Neither Atlanta’s rise to world eminence nor its role as the “capital” of the South was inevitable. Georgia was the last of the seaboard colonies, founded by James Oglethorpe in 1733 as an “asylum of the unfortunate,” reserved for debtors and other outcasts from England. Oglethorpe forbade slavery, but the settlers rebelled and repealed his ban in 1750. Atlanta was only a small, though strategic, railroad crossroads when it was burned by Sherman’s Union troops on their “march to the sea.” Richmond, Charleston, and New Orleans all had stronger claims to being the central focus of the South a century ago. But in the 20th century, two figures imprinted Atlanta on the national imagination. One was Mitchell, whose 1936 novel inspired the 1939 movie of the same name. The other was King, who was based in Atlanta for most of his career and who ultimately led the civil-rights revolution that changed the South and the nation. Linking the two was Atlanta’s business community, notably Robert Woodruff, who headed Coca-Cola from 1932 to 1960 and made Coke a worldwide enterprise. Perhaps aware that a world company could not indefinitely be associated with racial segregation, Woodruff and William Hartsfield, the city’s mayor from 1937 to 1961, cooperated with blacks and promoted Atlanta as “the city too busy to hate.” Hartsfield’s successor, Ivan Allen, elected in 1961 and 1965, supported the Civil Rights Act of 1964, as Peachtree Center and the first atriumed Hyatt Regency were going up in downtown Atlanta. It’s fitting that Atlanta’s airport, one of the greatest in the world, is named for Hartsfield and Maynard Jackson, Atlanta’s first African-American mayor.
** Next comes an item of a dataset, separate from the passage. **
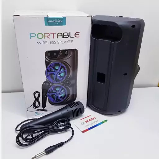 همراه با میکروفون: میکروفون همراه این اسپیکر امکان اجرای کارائوکه، سخنرانی یا استفادههای حرفهایتر را برای شما فراهم میکند.
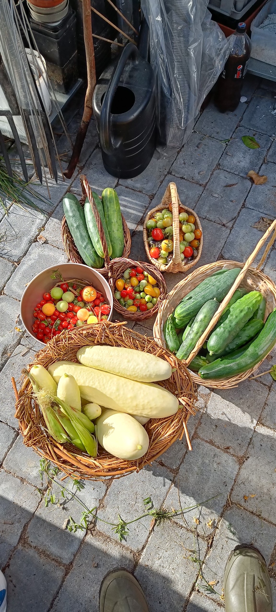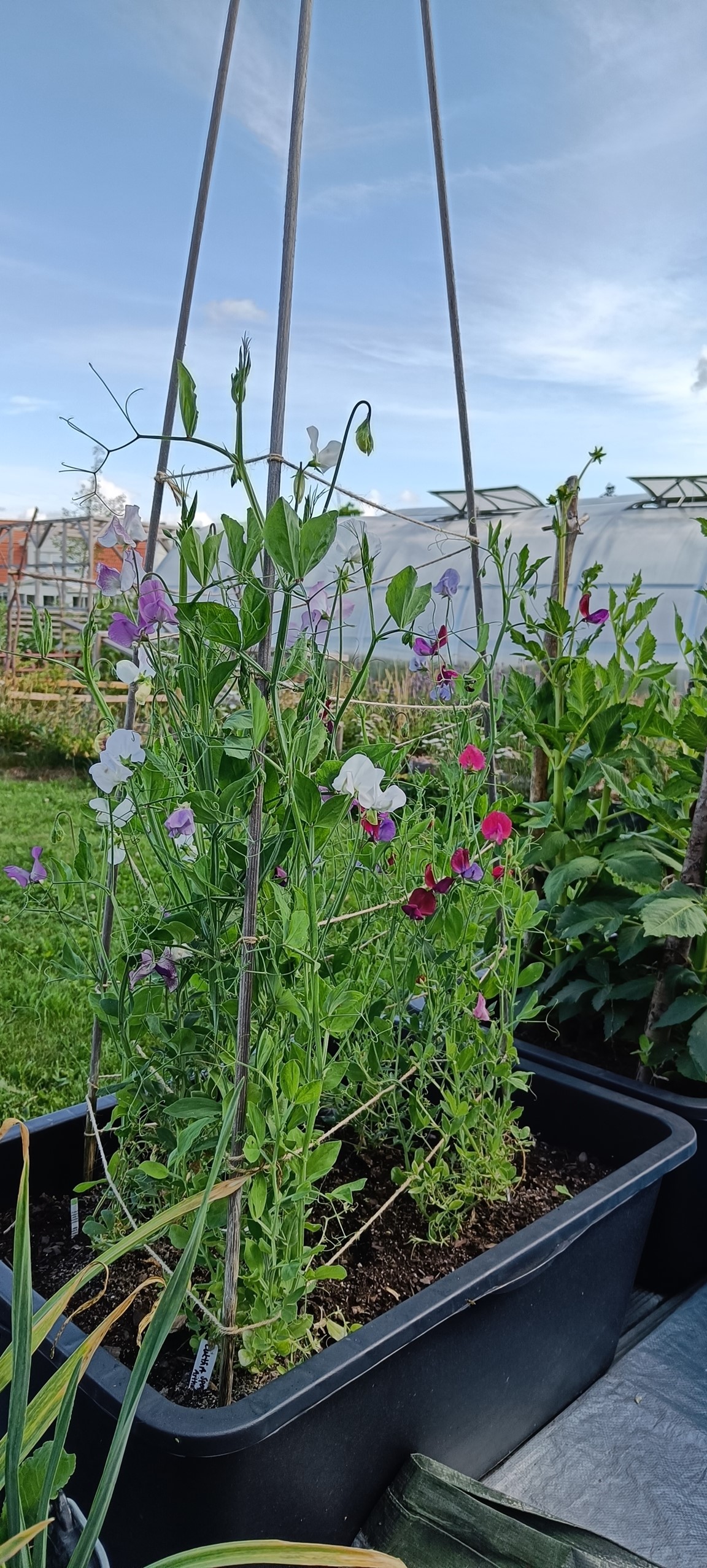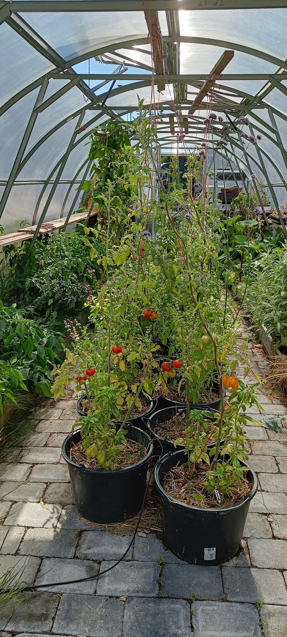 I stort sett allt är odlat från frö/lök/knöl. Vi täckodlar och använder egen kompost. Nu har vi fruktträd, bärbuskar, massa olika grönsaker på friland, i pallkragar och i växthus blandat med sommarblommor, perenner och rosor. 🌱🍅🌶️🥕🥬🫑🫛🥦🍏🥒🫐🧄🫘🧅🌻🌹🌳 I trädgården har vi även bikupor. 🐝🍯Vi försöker att samla vatten och återanvända vatten till bevattning på smarta sätt. 💧☔

This new Atlanta was growing up amid a mostly rural, deeply segregationist Georgia that as late as 1960 cast the second-highest Democratic percentage of any state for president. Hatred of Sherman was still strong 96 years later. Political contests typically matched Atlanta-supported moderates against rural-supported segregationists, and the latter invariably won. Georgia’s electoral votes were cast for Barry Goldwater in 1964 and George Wallace in 1968. Then came change in the person of Jimmy Carter, a one-term state senator who was elected governor in 1970 with a rural base as well as conspicuous black support. On taking office, he proclaimed a reconciliation of the races and installed a portrait of King in the state capitol. Carter thus became one of the first politicians from the rural South to celebrate and honor the civil-rights movement, and in the process set himself on the road to being elected president in 1976.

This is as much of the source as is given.